Rulers’ parent company is the Kroger Company, which is one of the largest companies in the U.S. Possibly our politicians could get together with Belterra and Kroger and offer: Example: 10 year free lease and tax exemption, as an incentive to open a store here. Ruler and Kroger executives are no fools. They will need an outstanding incentive to open a store here. By the way, I have no stock or private interest in Krogers. Just an interest in the hope our citizens can have a reliable full service store.
If you agree call your favorite politicians and let them know how you feel.
Respose to Kip
To the Editor:
In Kip Meyerhoff’s letter to the editor, he seemed to be blaming the Obama “regime” for the financial problems inherited from the previous “regime’s” two major wars and the obscene bailout of Wall Street banks (using taxpayer money) and any other company that bribed (oh, excuse me – I mean contributed to the campaign) of both Obama and Bush.

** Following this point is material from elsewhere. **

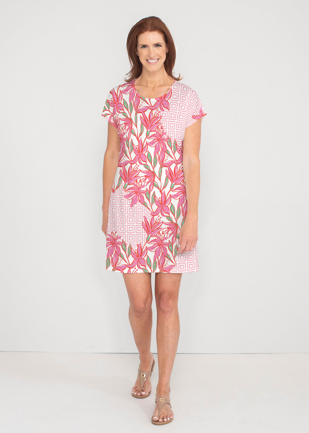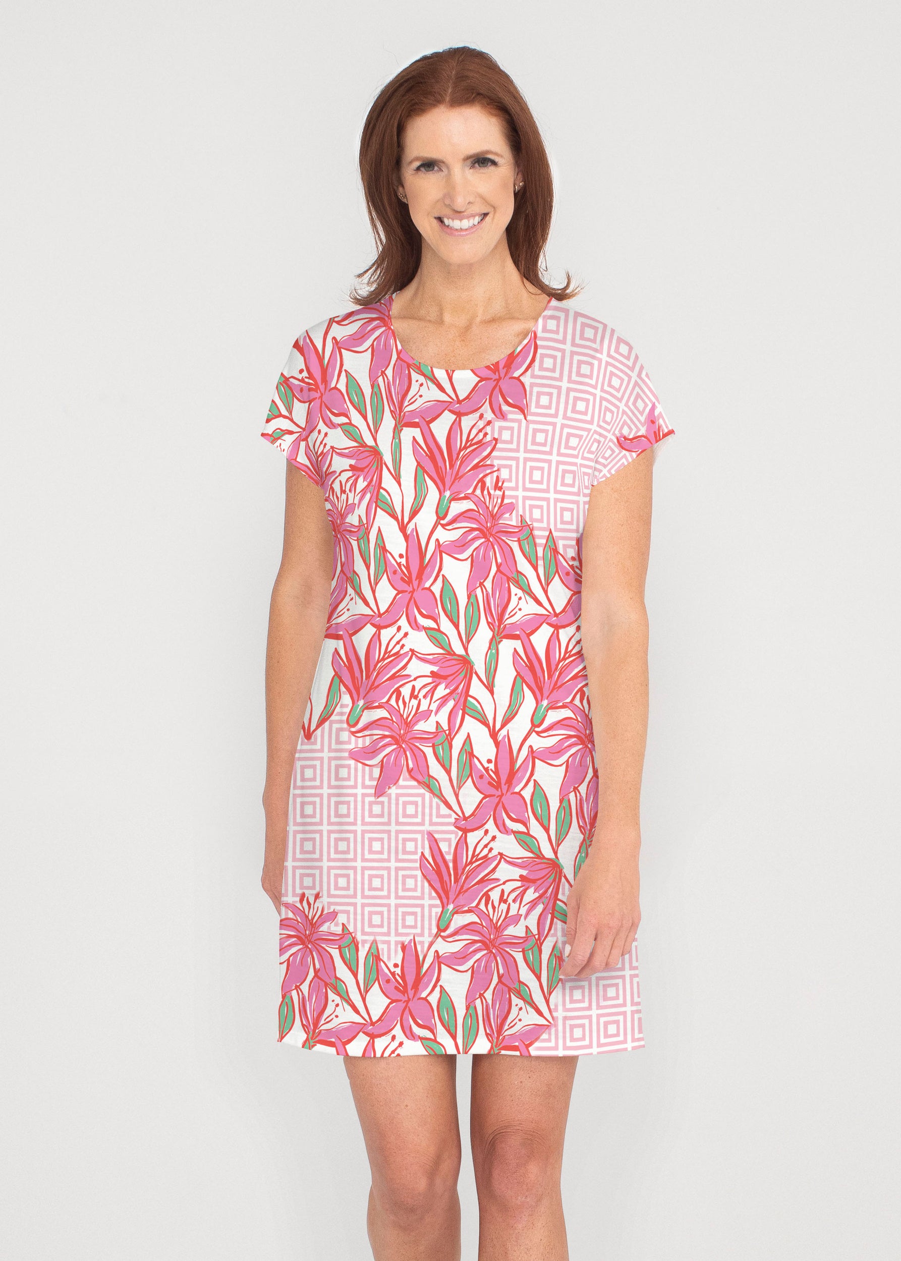 Our Lucy Tee Dress is effortless, versatile and soft to the touch -- perfect for all day style and comfort. A soft crew neckline, seamless sleeve and a relaxed shape made in our vibrant Lucy fabric ends above the knee.

A quite wealthy man recently was quoted: “There’s class warfare, all right, but it’s my class, the rich class, that’s making war, and we’re winning” (Warren Buffett). This same very wealthy and philanthropic man also was quoted: “He only paid 19 percent of his income for 2006 ($48.1 million) in total federal taxes (due to their being from dividends and capital gains), while his employees paid 33 percent of theirs, despite making much less money. “How can this be right?”, he added.
So, pity the poor 1 percent if you wish, Kip. I am jealous of their tax bracket myself.